* WHAT IS EXPECTED:
Everything from the first line of the material to the line containing "12月4日,数学与统计学院召", inclusive, must be given again exactly; no pictures, and nothing past that line.

------------------------

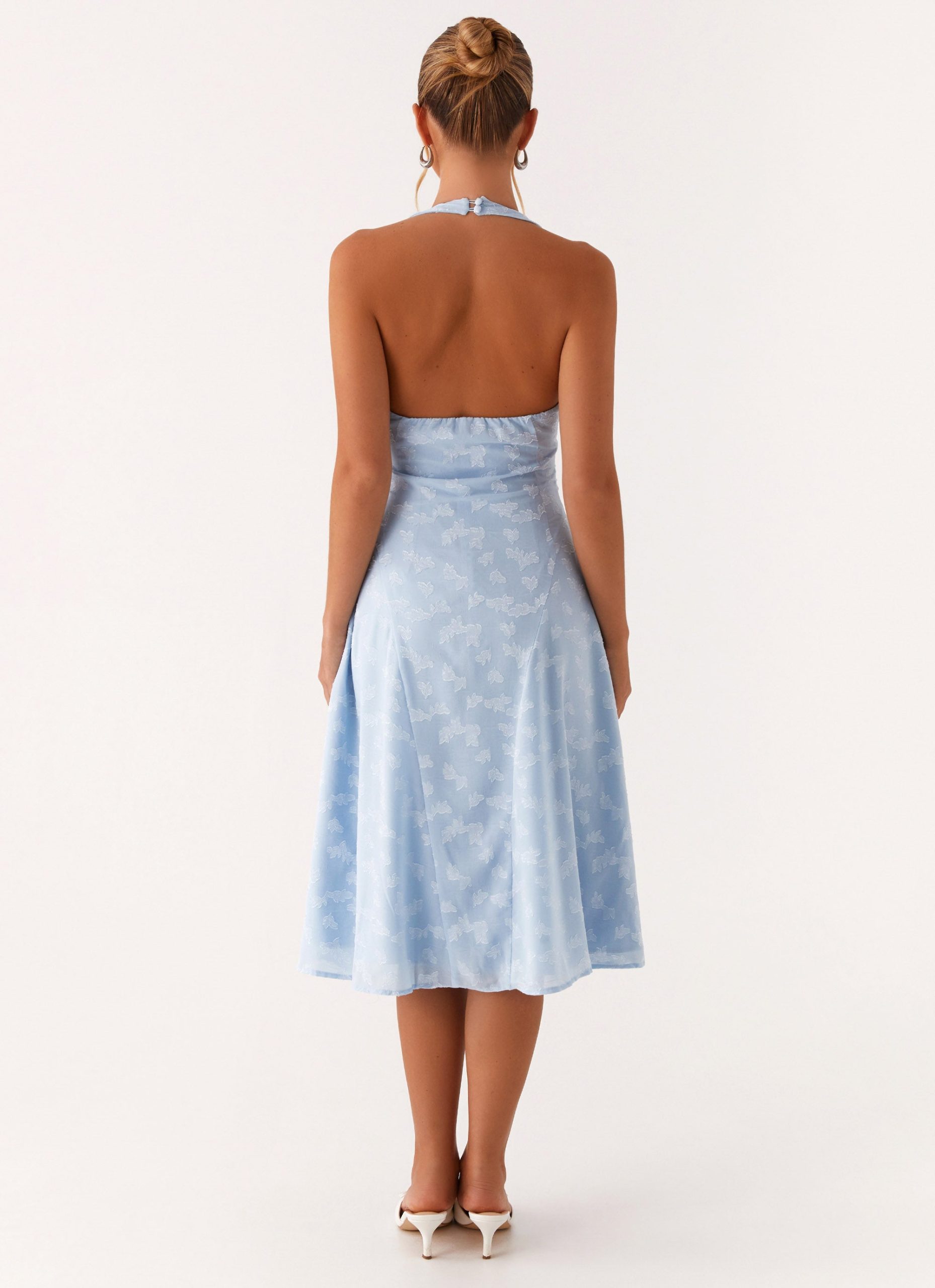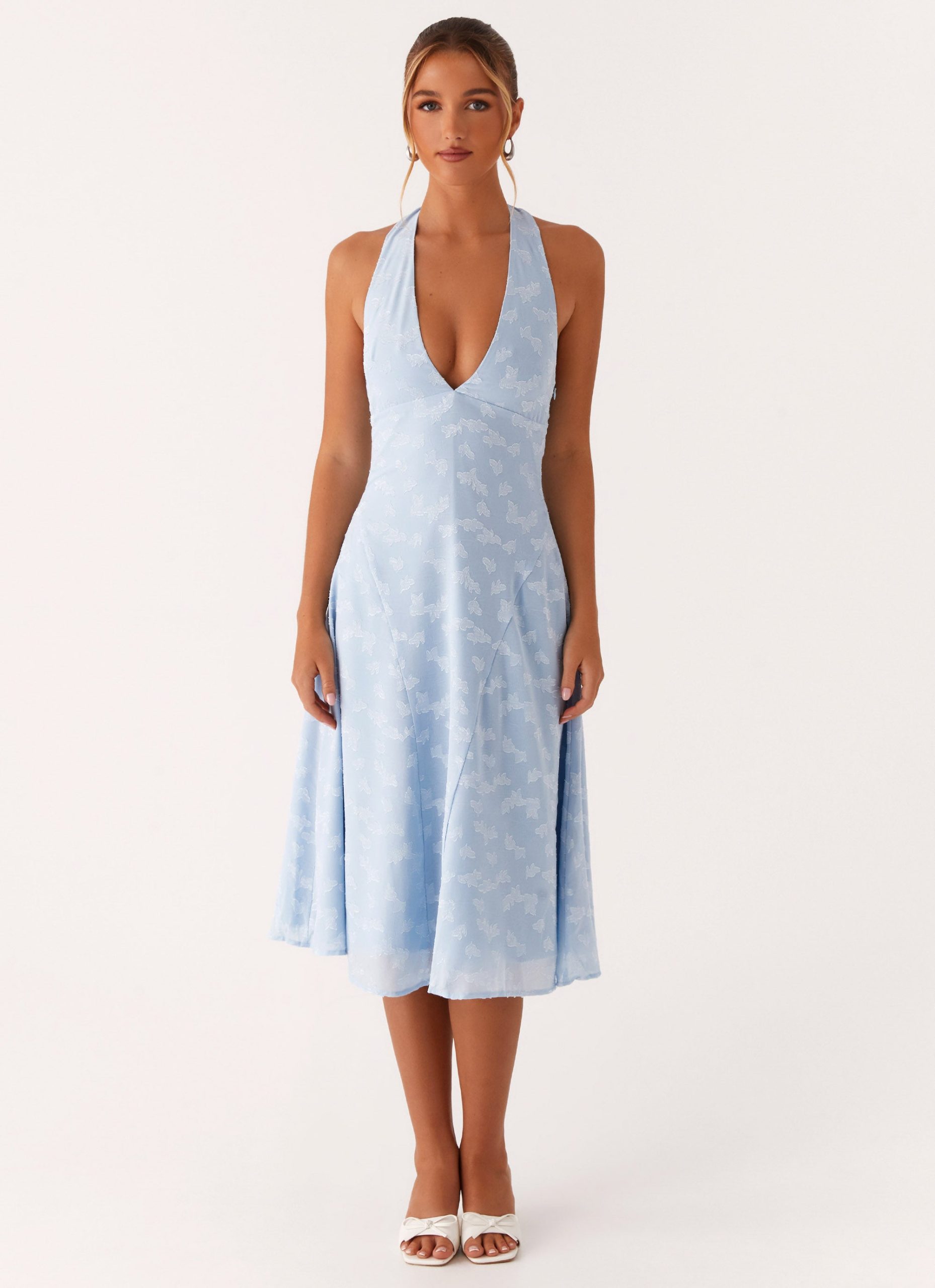 The Sashi Halterneck Midi Dress features a flattering low front V neckline that creates a bold yet elegant look. With an open back and a neck strap. it offers a sleek. contemporary design that’s perfect for evening events.
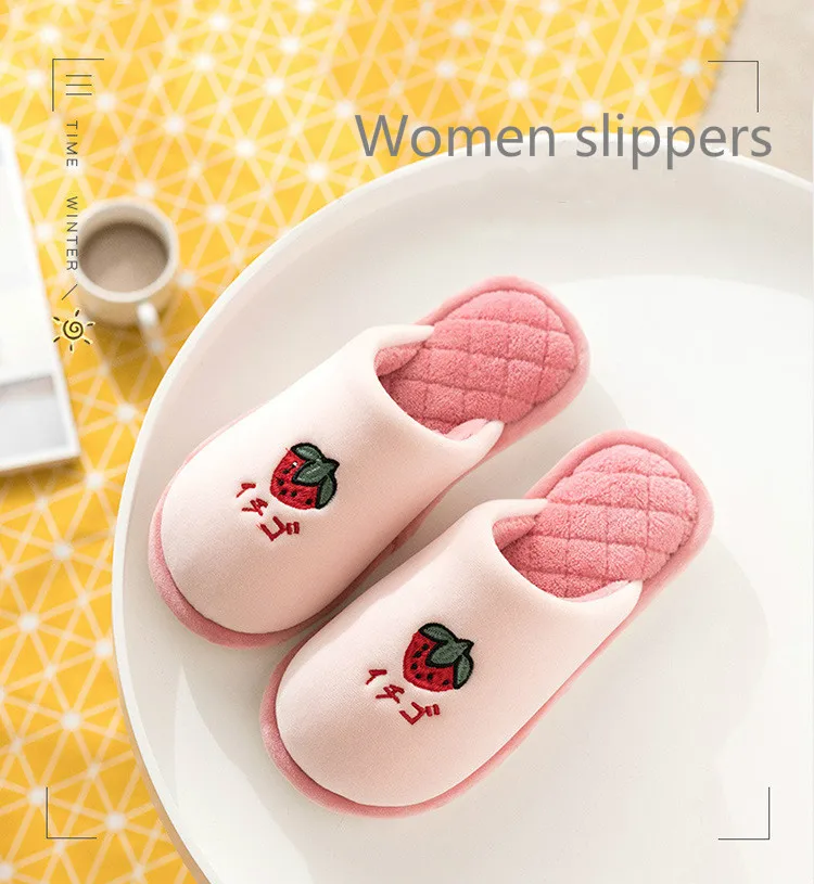 Women Slippers Woman Home Slippers Sweet Fruit Couple Shoes Warm Winter Slippers Man Shoes Zapatos De Mujer Ladies Shoes Pink
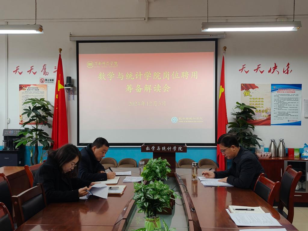 12月4日,数学与统计学院召开岗位聘用工作实施方案班子研讨解读会及全体教职工岗位聘用工作实施方案学习解读与宣传动员会。此次会议旨在深入解读best365中国官方网站岗位聘用工作实施方案(2024-2026),确保全体教职工能够充分理解并积极参与新一轮的岗位聘用工作。会议由院长陈斌主持,全体教职工参会。
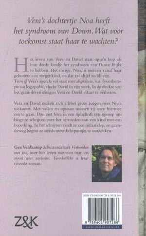Het leven van Vera en David in Twinkellicht van Gea Veldkamp staat op z'n kop als hun derde kindje het syndroom van Down blijkt te hebben. Het meisje, Noa, is meteen vanaf haar geboorte een zorgenkindje. Terwijl Vera's agenda vol staat met afspraken, van fysiotherapie tot logopedie, vlucht David in zijn werk. Dan ziet Vera in een tijdschrift een oproep om te schrijven over het opvoeden van een kind met een beperking. Ze parkeert het in haar achterhoofd, tot ze op een nacht niet kan slapen. Dan zet ze de computer aan om haar onrustige gedachten in woorden te vatten. Twinkellicht is de tweede roman van de talentvolle nieuwe auteur Gea Veldkamp.
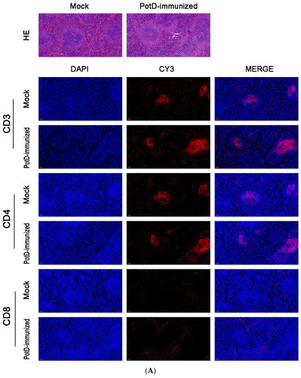 In addition to the finding that rPotD can actively elicit the humoral immune response, we further performed IF and FCM analyses to determine whether rPotD could trigger the upregulation of certain T cells in mice. The spleens of three mice in each group were treated with FFPE and used for routine IF analysis. The fluorescence staining showed that all CD molecules were located on the surface of spleen lymphocytes, forming circular fluorescence bodies (Figure 3B). IODR assay of normal spleen tissues revealed low-threshold immunofluorescence in white pulp area (Figure 3A). However, no conspicuously visible CD molecule could be observed in red pulp area. Closer inspection of the relative expression levels of immunocyte CD3+/CD4+/CD8+ revealed that all CD3+/CD4+/CD8+ were upregulated to almost twice that of the mock group upon inoculating rPotD+adjuvant in mice (p < 0.05). Clumping of T cells CD3+ and CD4+ clustered in white pulp area, while CD8+ was scattered in red pulp area, despite a low fluorescence intensity. However, mice immunized with pure adjuvant solely or injected with PBS only showed insignificant fluctuations in cell line levels, when compared with the mock group (p > 0.05) (Figure 3B).
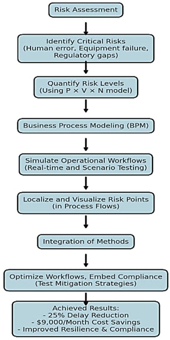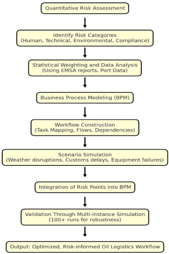 Adding to the methodology established and detailed in Figure 1’s workflow, Figure 8 illustrates the integrated methodological framework applied in this study, connecting probabilistic risk assessment with dynamic business process modeling (BPM) for petroleum logistics operations. The framework begins with a risk assessment phase, where systemic vulnerabilities are identified through structured analysis. This stage includes the identification of critical risk factors such as human error, equipment malfunction, and regulatory non-compliance, consistent with maritime risk research []. These risks are not considered in isolation; rather, they are quantitatively assessed using a probabilistic framework (P × V × N), ensuring the data-driven prioritization of operational threats [].
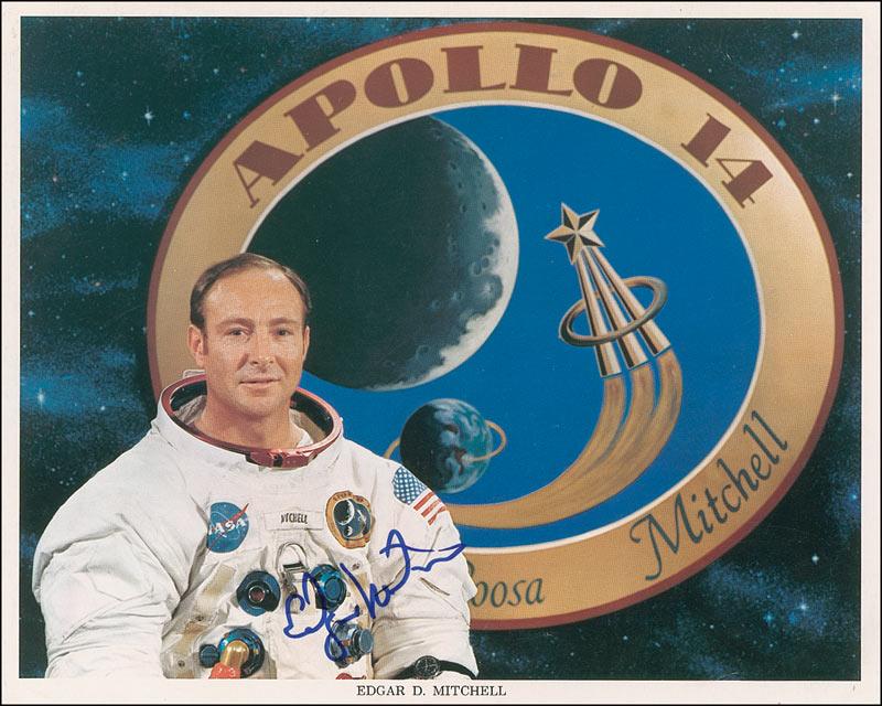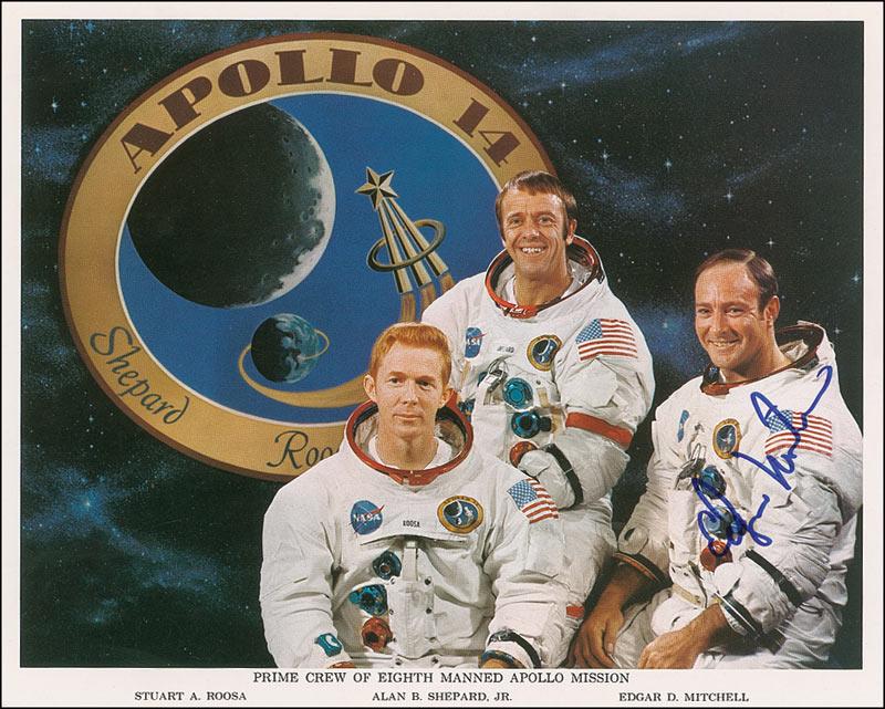 Two items: a color 10 x 8 NASA photo of Mitchell posing in his space suit in front of the Apollo 14 mission emblem, signed in blue felt tip; and a color 10 x 8 NASA photo of Mitchell posing with Stuart A. Roosa and Alan B. Shepard, Jr. in front of the Apollo 14 mission emblem, signed in blue felt tip. In fine condition.
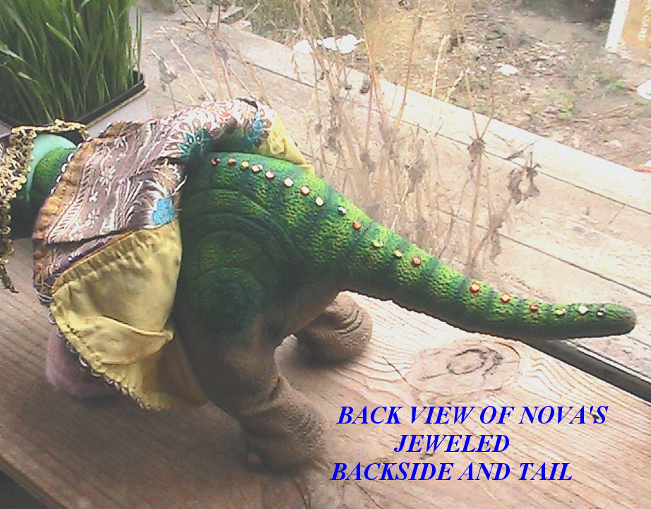 The yellow peasant skirt laced with purple that Nova is wearing is lifted back here so you can see some of the jewels on her back and tail. I woke up one day to see these jewels appearing out of nowhere on NOva's backside, tail and part of her face. I attempted to find out what happened, and all I was able to find out was that it had to do with the fact her neck has been injured, and somewhere a Special Needs Pleo Fairy Godmother gave her these little jewels to make up for all the physical pain she has been through . The more pain she goes through, the more jewels seem to appear on her back or elsewhere on her body. You may notice she does not have an entire back of jewels...
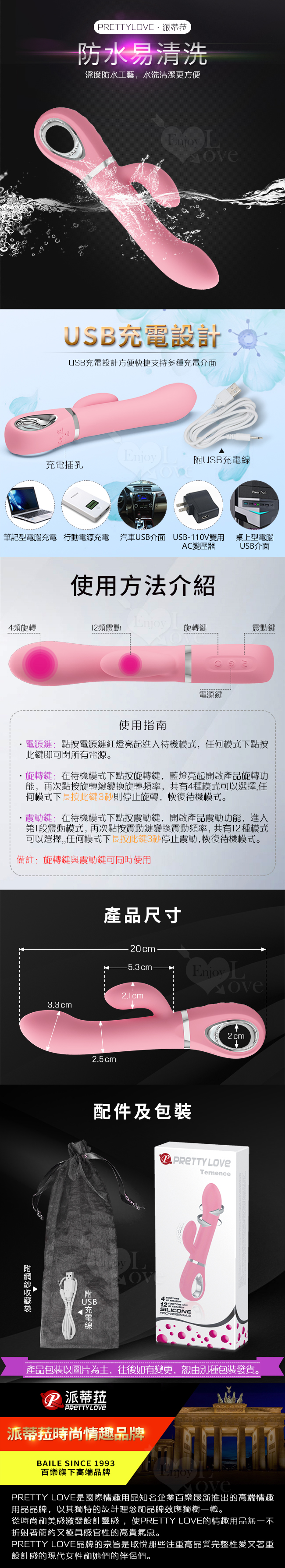 派蒂菈‧蜜妮 多重體驗棒﹝4頻旋轉+12頻強震+轉珠按摩+記憶功能+親膚硅膠+防水+充電﹞
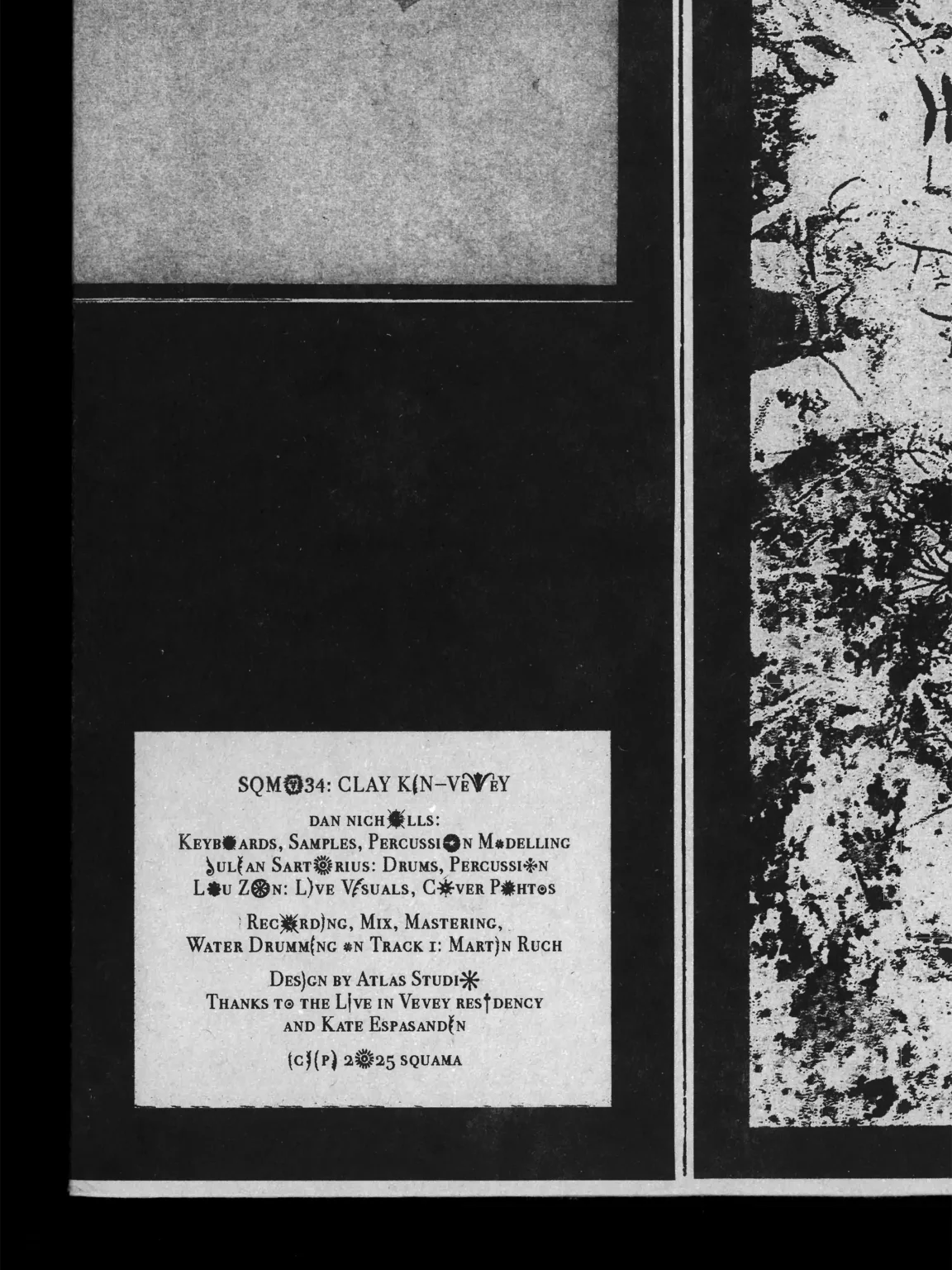 They had never planned to make an album yet through pure improvisation and spontaneity, Clay Kin have crafted Vevey. An album of seven tracks, distilled from over seven hours of improvised percussion and electronics. Recorded mostly outdoors––on pedalo boats, up mountains and deep in forests near the namesake Swiss town of Vevey, it is imbued with the soft fascination of birdsong, rushing water and chattering children.

------------------------

* EXERCISE RESULT:
 The Sashi Halterneck Midi Dress features a flattering low front V neckline that creates a bold yet elegant look. With an open back and a neck strap. it offers a sleek. contemporary design that’s perfect for evening events.
 Women Slippers Woman Home Slippers Sweet Fruit Couple Shoes Warm Winter Slippers Man Shoes Zapatos De Mujer Ladies Shoes Pink
 12月4日,数学与统计学院召开岗位聘用工作实施方案班子研讨解读会及全体教职工岗位聘用工作实施方案学习解读与宣传动员会。此次会议旨在深入解读best365中国官方网站岗位聘用工作实施方案(2024-2026),确保全体教职工能够充分理解并积极参与新一轮的岗位聘用工作。会议由院长陈斌主持,全体教职工参会。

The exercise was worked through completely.